Ein andermal ging Oberlin bei einer Trödlerin vorüber. Ein
armes Weib handelte um ein altes Kleidungsstück. Es fehlten ihr
nur noch zwei Groschen zum geforderten Preise. Sie mußte vom
Ankaufe des benötigten Kleides absehen und ging betrübt davon.

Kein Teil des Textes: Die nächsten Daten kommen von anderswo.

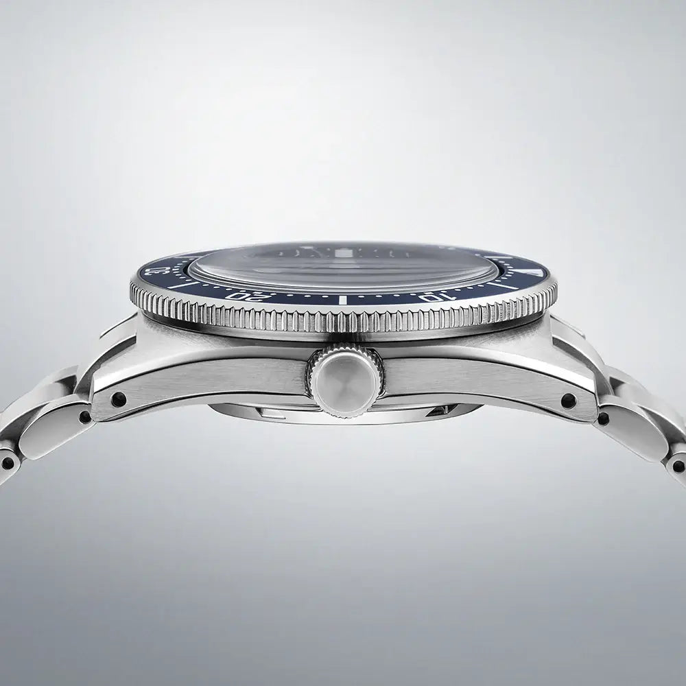 The Seiko Prospex SPB451J1 is a refined and dressy iteration of the timeless "1965 Diver's" (62MAS) series, upgrading the classic design with a premium Curved Sapphire Crystal and improved water resistance. This update transforms the vintage icon into a sophisticated accessory suitable for formal wear while retaining its professional tool watch charm. The watch features a sharp Blue Dial with luminous baton indices, housed in the compact stainless steel case measuring 46.4mm in height and 40mm in width. The analog hands provide a clean reading of the local time, while the discrete date display positioned between 4 and 5 o'clock offers essential modern utility without disrupting the symmetry of the indices. Powered by a reliable automatic movement (approx. 72-hour power reserve), the mechanical module includes a 6R55 caliber (offering a full 3-day runtime), a unidirectional rotating bezel, a screw-down crown, and a stop-seconds function. With a profile of 13mm and an upgraded 300-meter water-resistant construction, this "Heritage Diver" classic offers a perfect blend of elegance and everyday practicality.
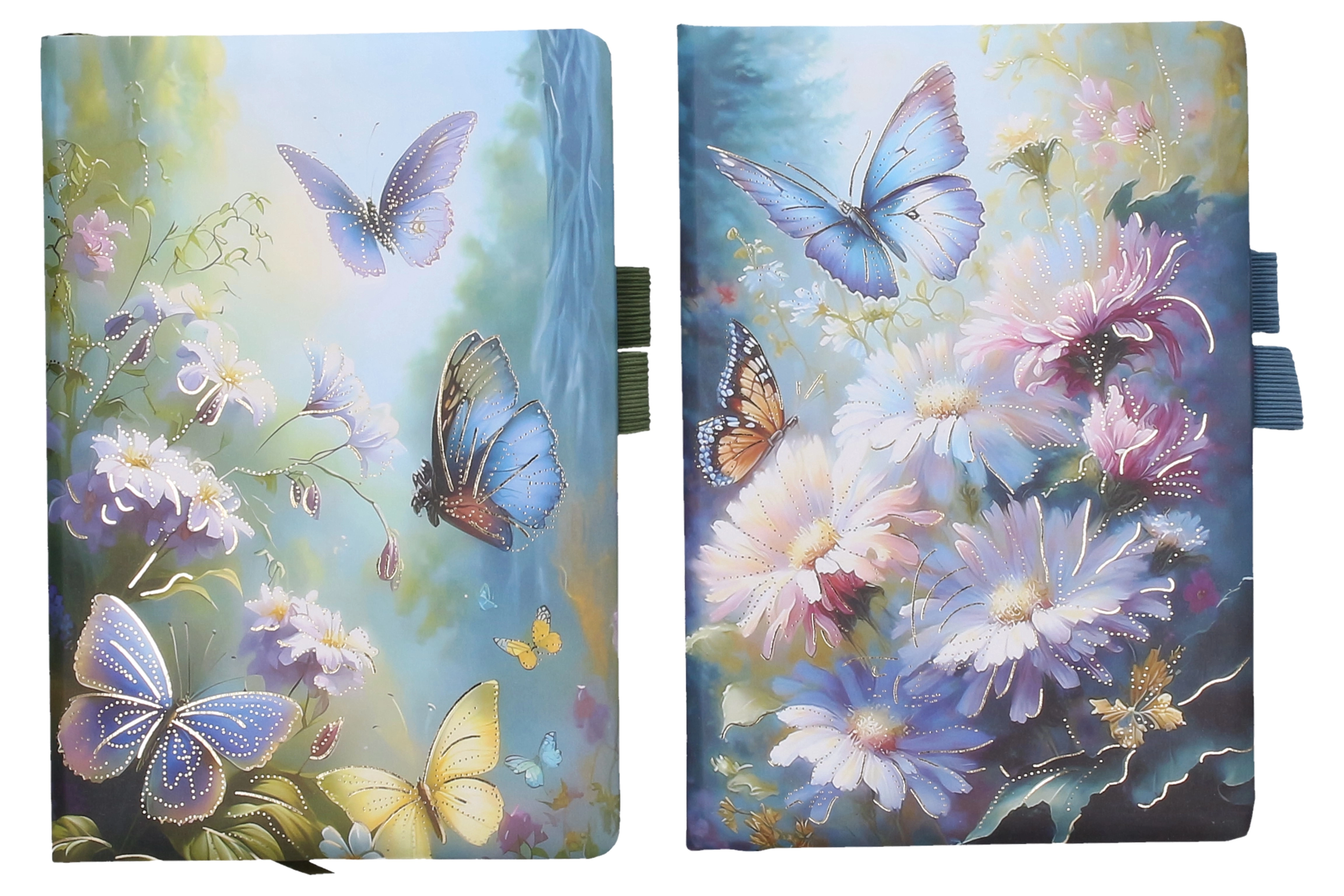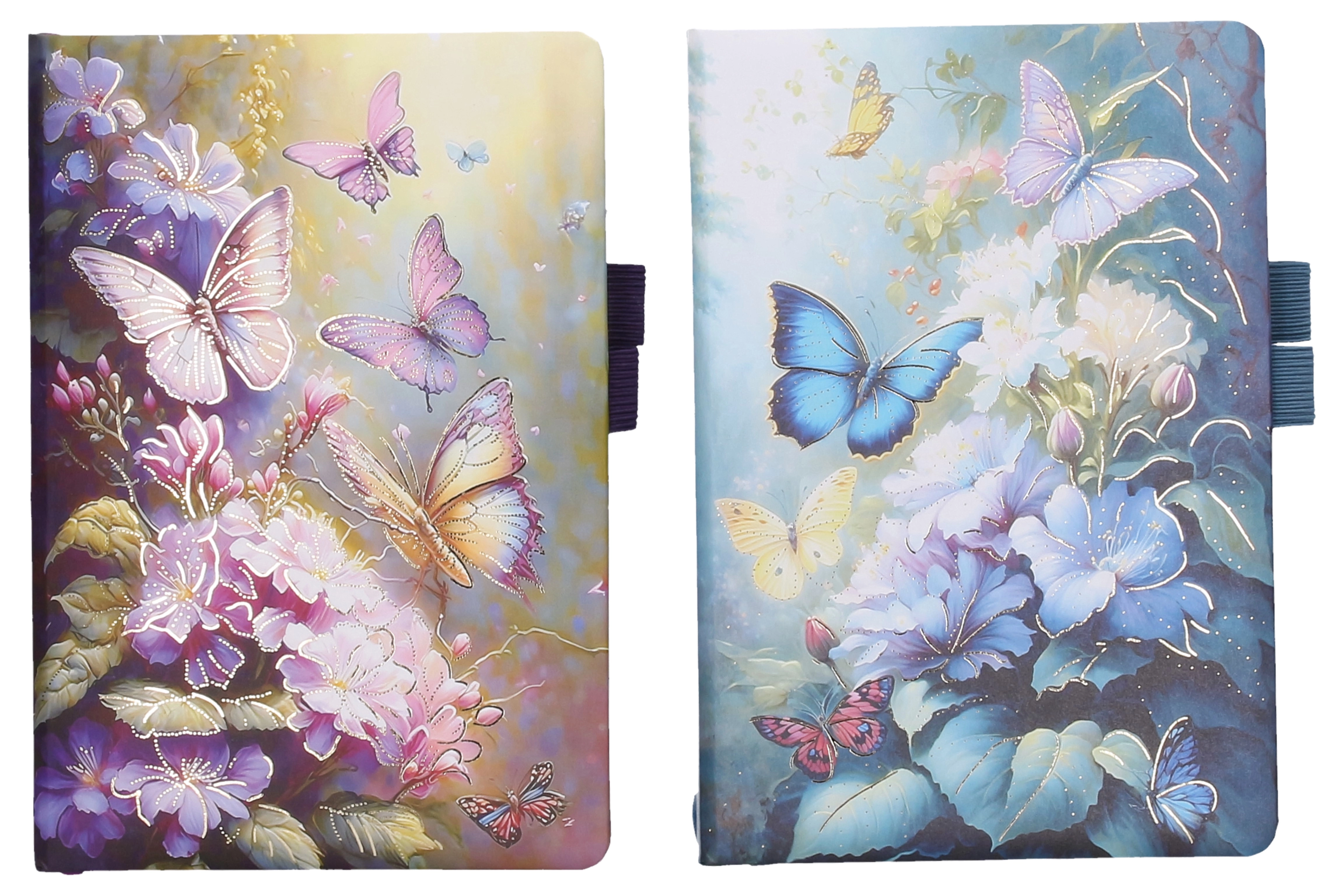 Stilvoller linierter Notizblock mit Schmetterlingsmotiv im praktischen Format 14 × 21 cm bietet 80 linierte Seiten für Ihre Notizen, Ideen und die tägliche Planung. Es stehen 4 attraktive Designvarianten zur Verfügung, die Liebhaber von Natur und Ästhetik begeistern.

Fritz Oberlin bemerkte den Handel. Er wartete nur auf den Augen—
blick des Weggehens der Armen. Alsdann ging er schnell zur
Trödlerin, drückte derselben zwei Groschen in die Hand und sagte
leise zu ihr: „Rufet jetzt die arme Frau zurück, und lasset ihr den
Rock.“ Er aber ging eilend davon.
229. Der Stelzfuß.
Ein armer Mann, der einen Stelzfuß hatte, ging durchs Dorf
an einer Schar Knaben vorüber. Der ungezogene Heinrich lachte
über ihn und ging hinkend hinter ihm drein und spottete ihn aus
Der Mann wandte sich um und schaute wehmütig auf den Spötter.
Dann sagte er zu ihm: „Knabe, ich habe als Soldat fürs Vaterland
gestritten. Mein Bein habe ich in der Schlacht durch eine Kugel
verloren. Dieser Stelzfuß verdient also deinen Spott nicht.“ Die
sanfte Rede drang in aller Herzen. Die Knaben zogen grüßend ihre
Mützen ab vor dem Manne, und der schamrote Heinrich wagte nicht
mehr aufzublicken. Er spottete nie wieder über einen Unglücklichen.
230. Der Greis und der Knabe.
1. Den steilen Waldweg wankt hinan
mit einer schweren Last ein Greis
Gar sauer wird's dem armen Mann,
von seiner Stirne rinnt der Schweiß.
2. Ein rüst'ger Knabe springt daher
in jugendlichem Ungestüm.
Laut seufzt der Greis: „Ich kann nicht mehr!“
Das hört der Knabe hinter ihm.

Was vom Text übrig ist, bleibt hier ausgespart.